2.2. Preprocess paper¶

fitz 라이브러리를 사용하여 pdf 파일에서 텍스트 추출
일정 길이를 기준으로 텍스트를 분리하여 chunk 구성
chunk별로 embedding 추출 후 index에 저장
langchain 라이브러리 사용
- RecursiveCharacterTextSplitter: 텍스트를 특정 길이로 분리
- HuggingFaceEmbeddings: Text embedding wrapper
- FAISS: Faiss vector index wrapper

def clean_text(text):
    text = text.replace('\n', ' ')
    text = re.sub('\s+', ' ', text)
    return text

def extract_text(pdf_path):
    doc = fitz.open(pdf_path)
    num_pages = doc.page_count

    text = []
    for p in range(num_pages):
        page = doc[p]
        page_text = page.get_text('text')
        page_text = clean_text(page_text)
        text.append(page_text)

    doc.close()
    text = '\n'.join(text)
    return text

def split_text(text, chunk_size=1024):
    text_splitter =  RecursiveCharacterTextSplitter(chunk_size=chunk_size, chunk_overlap=100)
    chunks = text_splitter.split_text(text)
    chunks = [c for c in chunks if len(c) > chunk_size * 0.9]
    return chunks

text = extract_text(paper['file_path'])
chunks = split_text(text)

embeddings = HuggingFaceEmbeddings(model_name="all-MiniLM-L6-v2")
db = FAISS.from_texts(chunks, embeddings)

2.3. Generate questions¶

chunk를 보고 답변 가능한 질문 생성
chunk 선택
- reference, acknowledgement와 같이 논문 내용과 관련 없는 chunk 존재
- 이를 해결하기 위해 논문 abstract과 유사도가 높은 5개의 chunk만 선택
질문 생성
- 한 chunk당 3개 질문 생성
- langchain의 ChatOpenAI모듈 사용
질문 선택
- 유사한 질문들이 많이 생성되기 때문에 다른 질문들을 선택하는 과정 필요
- extractive summarization에서 사용하는 Maximal marginal relevance를 사용하여 질문 선택

def clean_questions(questions):
    return [q.replace(f'{i+1}.', '').strip() for i, q in enumerate(questions.split('\n'))]

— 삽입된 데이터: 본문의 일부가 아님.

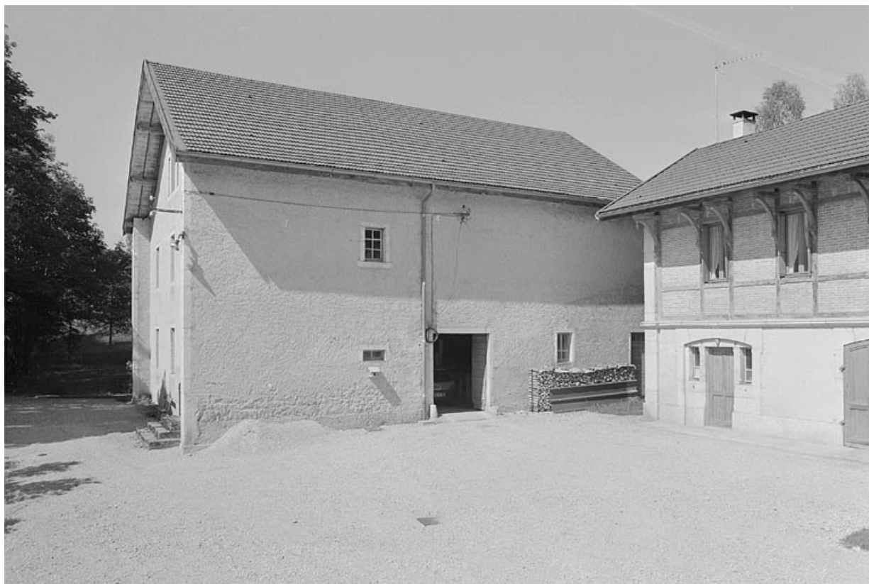
Face droite de la ferme et façade antérieure de la remise à automobile.

39, Avignon-lès-Saint-Claude, lieudit : sous la Goutte

def generate_questions(chat, context):
    system_content = (
        'Generate three questions based on the paragraph. '
        'All questions should be answerable using the information provided in the paragraph.'
    )

    messages = [
        SystemMessage(content=system_content),
        HumanMessage(content=context)
    ]

    questions = run_chat(chat, messages)
    return clean_questions(questions)

class MMR(object):
    def __init__(self, k, _lambda):
        self.k = k
        self._lambda = _lambda
    
    def get_similarity(self, s1, s2):
        """ Get cosine similarity between vectors

        Params:
        s1 (np.array): 1d sentence embedding (512,)
        s2 (np.array): 1d sentence embedding (512,)
        
        Returns:
        sim (float): cosine similarity 
        """

        cossim = np.dot(s1, s2) / (np.linalg.norm(s1) * np.linalg.norm(s2))
        sim = 1 - np.arccos(cossim) / np.pi
        return sim
    
    def get_similarity_with_matrix(self, s, m):
        """Get cosine similarity between vector and matrix

        Params:
        s (np.array): 1d sentence embedding (512,)
        m (np.array): 2d sentences' embedding (n, 512)

        Returns:
        sim (np.array): similarity (n,)
        """

        cossim = np.dot(m, s) / (np.linalg.norm(s) * np.linalg.norm(m, axis=1))
        sim = 1 - np.arccos(cossim) / np.pi
        return sim
    
    def get_mmr_score(self, s, q, selected):
        """Get MMR (Maximal Marginal Relevance) score of a sentence

        Params:
        s (np.array): sentence embedding (512,)
        q (np.array): query embedding (512,)
        selected (np.array): embedding of selected sentences (m, 512)

        Returns:
        mmr_score (float)
        """

        relevance = self._lambda * self.get_similarity(s, q)
        if selected.shape[0] > 0:
            negative_diversity = (1 - self._lambda) * np.max(self.get_similarity_with_matrix(s, selected))
        else:
            negative_diversity = 0
        return relevance - negative_diversity

    def summarize(self, embedding):
        selected = [False] * len(embedding)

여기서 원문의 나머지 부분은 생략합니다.